4. Situar y relacionar mediante el análisis filogenético las diferentes poblaciones en el contexto de las poblaciones sudamericanas.
Publicación 6
: Corella A., Bert F., Pérez-Pérez A., Gené M. y Turbón D.HUMTH01, HUMVWA31A, HUMCSF1PO and HUMTPOX polymorphisms in Amerindian populations living in the Beni Department of Bolivia, (2008), Ann. Hum. Biol. 35 (5): 556- 564
1. Caracterizar una muestra de población Quechua, Aymará y Beniana de la región de Moxos para los marcadores genéticos STRs, HUMTH01, HUMVWA31A, HUMCSF1PO y HUMTPOX.
2. Determinar la posible divergencia del equilibrio Hardy-Weinberg para cada marcador y para población.
3. Calcular el desequilibrio de ligamiento para los distintos marcadores en las diferentes poblaciones.
4. Calcular los valores de poder de discriminación y oportunidad de exclusión.
5. Determinar la similitud genética entre las distintas poblaciones sudamericanas incluidas las del presente trabajo mediante la técnica de Análisis de componentes principales.
Publicación 7
: López-Parra AM, Tirado M, Baeza C, Bert, F, Corella A, Pérez-PérezA, Gamba C, Fernández E, Arroyo-Pardo E. Genetic structure of the population of Beni department (North Bolivia), (2008), For. Sci. Int. 1: 348-349
1. Analizar marcadores Y-STR en una muestra de poblaciones del departamento del Beni (Bolivia).
2. Determinar el grado de diferenciación genética de las poblaciones estudiadas comparándolas con otras del continente sudamericano mediante Multidimesional Scalling (MDS) a partir de la matriz de distancias Rst.
3. Valorar el grado de mestizaje de las poblaciones benianas.
4. Comparar los resultados de diversidad genética entre las distintas poblaciones utilizando diferentes distancias genéticas para generar árboles filogenéticos Neighbor joining.
Publicación 8
: Tirado M., López-Parra A.M., Baeza C., Bert F., Corella A., Pérez- Pérez A., Turbón D. y Arroyo-Pardo E. Y-chromosome haplotypes defined by 17 STRs included in AmpFlSTR Y filer PCR Amplification Kit in a multi ethnical population from El Beni Department (North Bolivia) (2009) Leg. Med.11(2): 101-103
1. Analizar 17 marcadores Y-STR en una población multiétnica del departamento del Beni (Bolivia).

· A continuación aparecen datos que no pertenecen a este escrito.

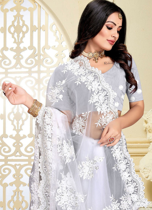 Classic Net White Embroidered Saree

2. Determinar el grado de diferenciación genética de las poblaciones estudiadas comparándolas con otras del continente sudamericano mediante Multidimesional Scalling (MDS) a partir de la matriz de distancias Rst.
Publicación 9
: Bert F, Corella A, Pérez-Pérez A,Gené M, and Turbón D. Piedmontand Llanos de Moxos living in the Beni Department (Bolivia) characterized by HUMTH01, HUMVWA31A, HUMCSF1PO and HUMTPOX polymorphisms. (en preparación)

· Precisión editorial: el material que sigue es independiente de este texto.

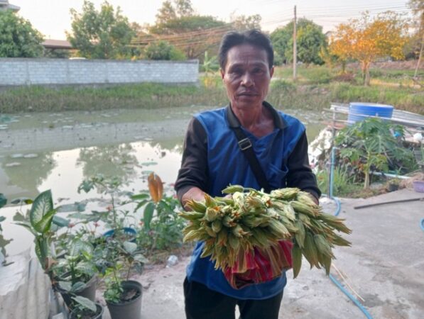 “สำหรับดอกฟักทองนั้น นิยมลวกจิ้มน้ำพริก หรือเป็นเครื่องเคียงต้มซุป แกงอ่อม รสชาติหวาน มัน อร่อย โดยจะเก็บดอกตัวผู้ไปขายในหมู่บ้าน 30 ดอก/มัด ขายมัดละ 10 บาท มีรายได้วันละ 200-300 บาท ส่วนผลนิยมเก็บผลแก่ขายในราคา กก.ละ 15 บาท หรือบรรจุถุงขายถุงละ 10 กก.ราคา 150 บาท ข้าวโพดก็ขายทั้งฝักดิบและต้มสุก 3 ฝักราคา 20 บาท หรือแล้วแต่จะตกลงกันได้ หากปีนี้ได้กำไรดี ฤดูแล้งปีหน้าก็จะขยายพื้นที่ปลูกเพิ่มอีก และเพิ่มชนิดพืชผักให้มีความหลากหลายมากขึ้น เพราะเห็นแล้วว่าทำง่าย ไม่ยุ่งยาก ได้อยู่กับครอบครัว” นายสมจิตรกล่าว

1. Caracterizar una muestra de población Aymará; Chimane; Ignaciano; Mosetén; Movima; Quechua; Trinitario; Yuracaré del departamento del Beni para los marcadores genéticos STRs, HUMTH01, HUMVWA31A, HUMCSF1PO y HUMTPOX.
2. Determinar la posible divergencia del equilibrio Hardy-Weinberg para cada marcador y para población.
3. Calcular el desequilibrio de ligamiento para los distintos marcadores en las diferentes poblaciones.
4. Calcular los valores de poder de discriminación y oportunidad de exclusión.
5. Determinar la similitud genética entre las distintas poblaciones sudamericanas incluidas las del presente trabajo mediante la técnica de Análisis de componentes principales, tècnicas Kriging de interpolación lineal y árboles filogenéticos UPGMA.